===== EXCERPTED DATA =====

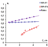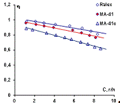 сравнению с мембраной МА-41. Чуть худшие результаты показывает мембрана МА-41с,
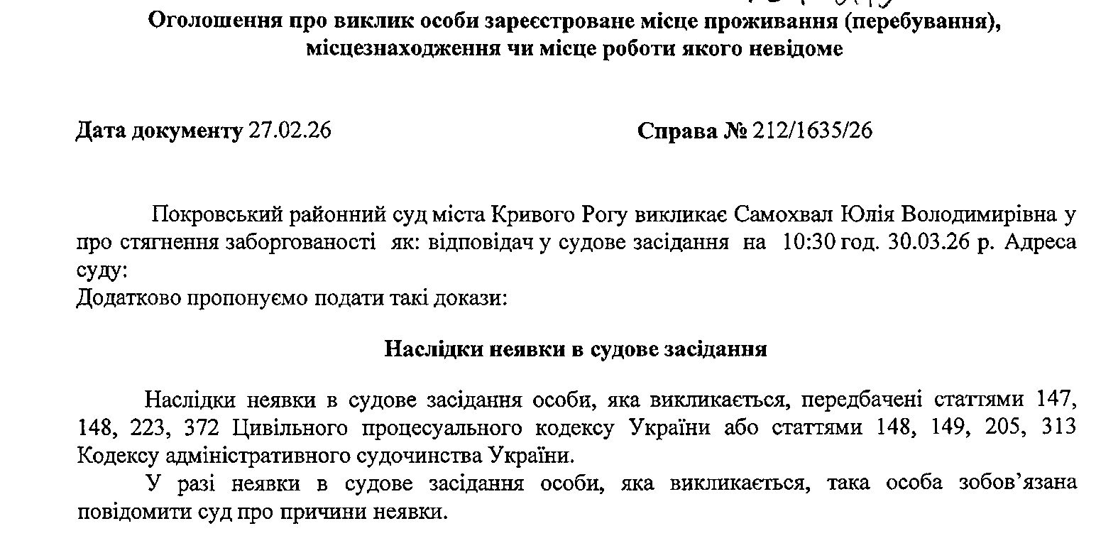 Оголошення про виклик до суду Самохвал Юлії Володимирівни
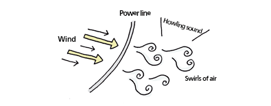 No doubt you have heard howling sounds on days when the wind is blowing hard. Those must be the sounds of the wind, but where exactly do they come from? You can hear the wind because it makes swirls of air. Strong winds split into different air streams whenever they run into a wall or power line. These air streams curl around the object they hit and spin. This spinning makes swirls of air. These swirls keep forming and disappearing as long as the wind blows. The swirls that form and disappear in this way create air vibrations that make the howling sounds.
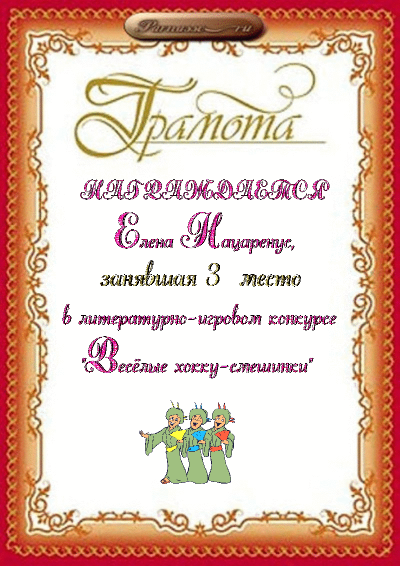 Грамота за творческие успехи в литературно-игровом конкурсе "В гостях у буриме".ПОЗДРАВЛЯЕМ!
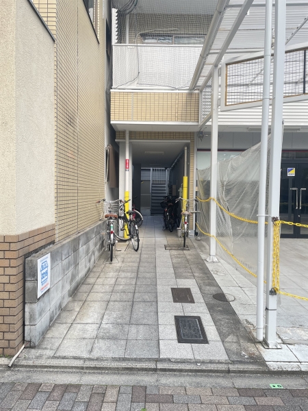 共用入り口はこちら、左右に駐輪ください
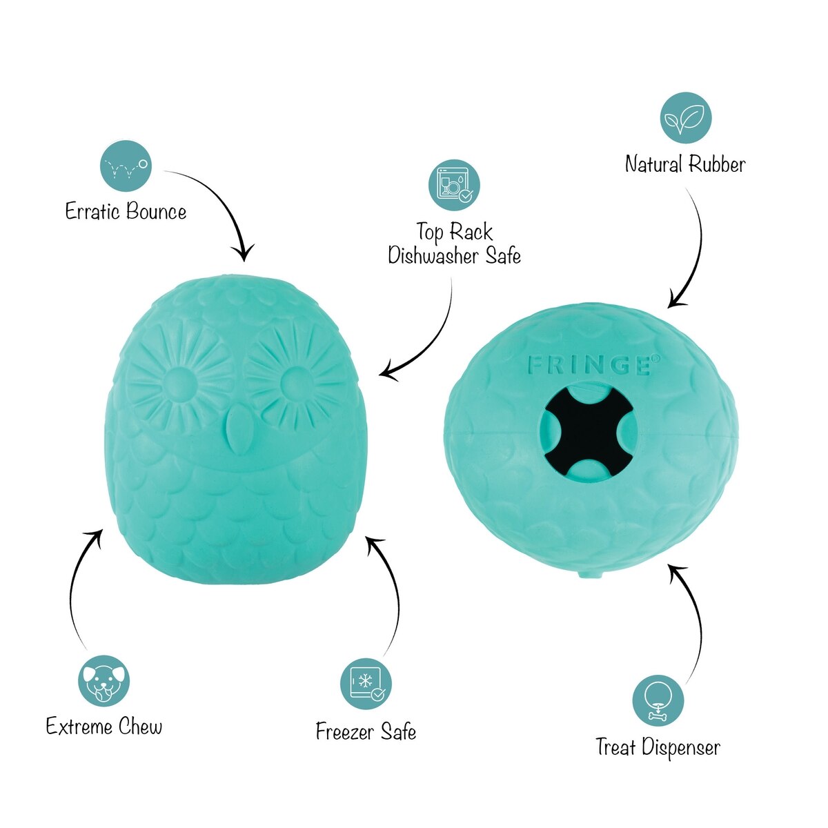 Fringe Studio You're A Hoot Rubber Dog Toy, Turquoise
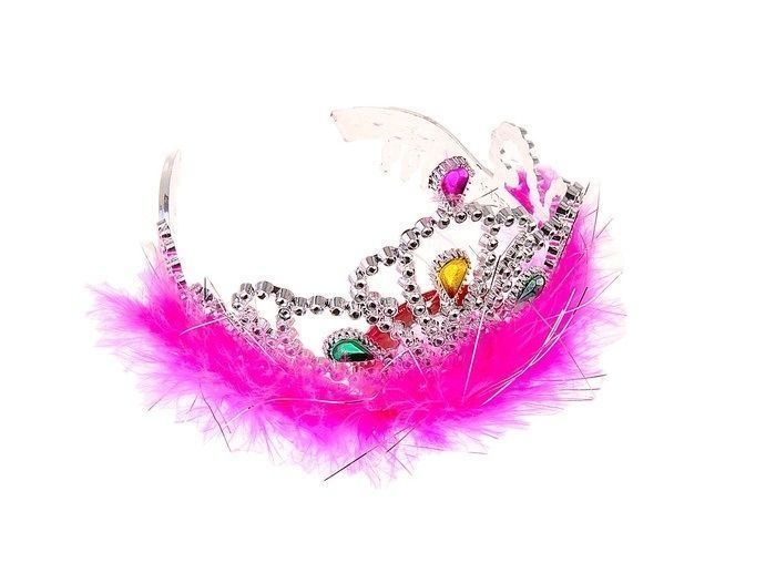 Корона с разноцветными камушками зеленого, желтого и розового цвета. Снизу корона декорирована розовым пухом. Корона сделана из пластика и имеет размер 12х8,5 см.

=====

> **PROMPT**:
The answer consists solely of the lines from the one holding "No doubt you" through the final line of the records, both ends included, each duplicated exactly. Leave images out.

> **RESULT OF THE EXERCISE**:
 No doubt you have heard howling sounds on days when the wind is blowing hard. Those must be the sounds of the wind, but where exactly do they come from? You can hear the wind because it makes swirls of air. Strong winds split into different air streams whenever they run into a wall or power line. These air streams curl around the object they hit and spin. This spinning makes swirls of air. These swirls keep forming and disappearing as long as the wind blows. The swirls that form and disappear in this way create air vibrations that make the howling sounds.
 Грамота за творческие успехи в литературно-игровом конкурсе "В гостях у буриме".ПОЗДРАВЛЯЕМ!
 共用入り口はこちら、左右に駐輪ください
 Fringe Studio You're A Hoot Rubber Dog Toy, Turquoise
 Корона с разноцветными камушками зеленого, желтого и розового цвета. Снизу корона декорирована розовым пухом. Корона сделана из пластика и имеет размер 12х8,5 см.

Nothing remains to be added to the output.